Esse movimento foi incentivado em 2015 pela Agenda Mundial de Desenvolvimento da ONU (Agenda global 2030) – compromisso firmado por 193 Países, inclusive o Brasil – determinando a união de forças em prol de uma Agenda Mundial de Desenvolvimento Sustentável, que deve ser cumprida até o ano de 2030, contemplada em 17 Objetivos de Desenvolvimento Sustentável, que foram desdobrados em 169 metas.

Os objetivos vão desde a erradicação da pobreza, saúde e bem-estar, educação, ações contra a mudança climática, energia limpa, trabalho decente e crescimento econômico, até redução das desigualdades, paz, justiça e instituições eficazes. Uma pauta de ações dessa magnitude, desdobradas em 169 metas, poderia ser considerada como mais uma utopia no âmbito das Nações Unidas, que ficaria no plano do dever ser, sem uma aplicação efetiva.

Entretanto, esses objetivos atraíram a atenção dos investidores globais que compreenderam que as empresas não poderiam ficar alijadas desse processo, as demandas, as expectativas da sociedade mudaram, cobrando com maior exigência que essa pauta seja para valer e que envolva governos, ONGs e os setores produtivos.

Hoje é normal que uma empresa, que não precisa ser de grande porte, ao demandar investimentos, seja questionada se atende às metas da Agenda 2030 da ONU. Os chamados fundos de investimento responsável já movimentam 31 trilhões de dólares, o que representa 36% dos ativos financeiros totais geridos no mundo.

Os indicadores ESG envolvem temas de grande importância, porém, constato, nas matérias jornalísticas que vêm explicando esses indicadores, que o “E” (environmental) tem sido ressaltado com maiores pormenores, a ponto do “S” e “G” ficarem em segundo plano. Em verdade, as ações de diversidade e inclusão têm assumido relevância, assim como os programas de integridade, mas a atenção que é apresentada nos relatórios tem sido mais focada no tema ambiental.

As iniciativas de aumento da participação das mulheres em Conselhos de Administração; inclusão de profissionais de formações, culturas, gêneros e raças diferentes; combate aos assédios; incentivo às ações de respeito ao consumidor, com adoção de ouvidorias; desenvolvimento de programas de integridade e combate a qualquer prática ilegal representam a evolução de conceitos e princípios do ambiente corporativo.
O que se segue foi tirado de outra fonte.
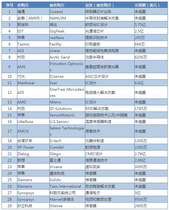 今年各大科技公司收购大戏不断上演,截至2017年12月,全球半导体产业共发起并购案超过55起,数量上较2016年多。2017年发生了史上最大的半导体并购案“通(博通)通(高通)合并”,虽然此次交易目前还面对着重重困难,能不能并购成功也是未知数。但也让看官过了把瘾,只等这次合并什么时候落地。此外涉及资金最大的是SK海力士180亿美元收购东芝存储器业务。

Assim os pontos relacionados ao Social e à Governança devem ser, igualmente, destacados, compondo um equilíbrio entre os indicadores almejados, uma vez que representam um todo que não deve ser dissociado.

Esse sentido evolutivo é muito interessante. O objetivo do investidor é a rentabilidade alcançada pelo lucro, porém, essa meta, cada vez mais, não pode ser alcançada a qualquer custo. A sociedade e os consumidores cobram novas posturas das empresas, que devem atender aos compromissos ESG que ultrapassam as posturas básicas de rentabilidade: baixo custo, alta produtividade, preço atrativo, logística, canais de venda, política de marketing, adequação tributária.

O secretário geral do ONU, Antonio Guterres afirmou que a “Agenda Global  2030 é a nossa Declaração Global de Interdependência”. Ouso afirmar que, com esse avanço estimulado pelos fundos de investimentos, essa Agenda representou um encontro que há pouco tempo poderia ser considerado insólito: o capitalismo com os direitos humanos, viabilizando que as gerações dos Direitos Humanos sejam inseridas na visão estratégica das empresas. Com certeza um estímulo necessário à renovação e à inovação, com inclusão, conformidade e sustentabilidade.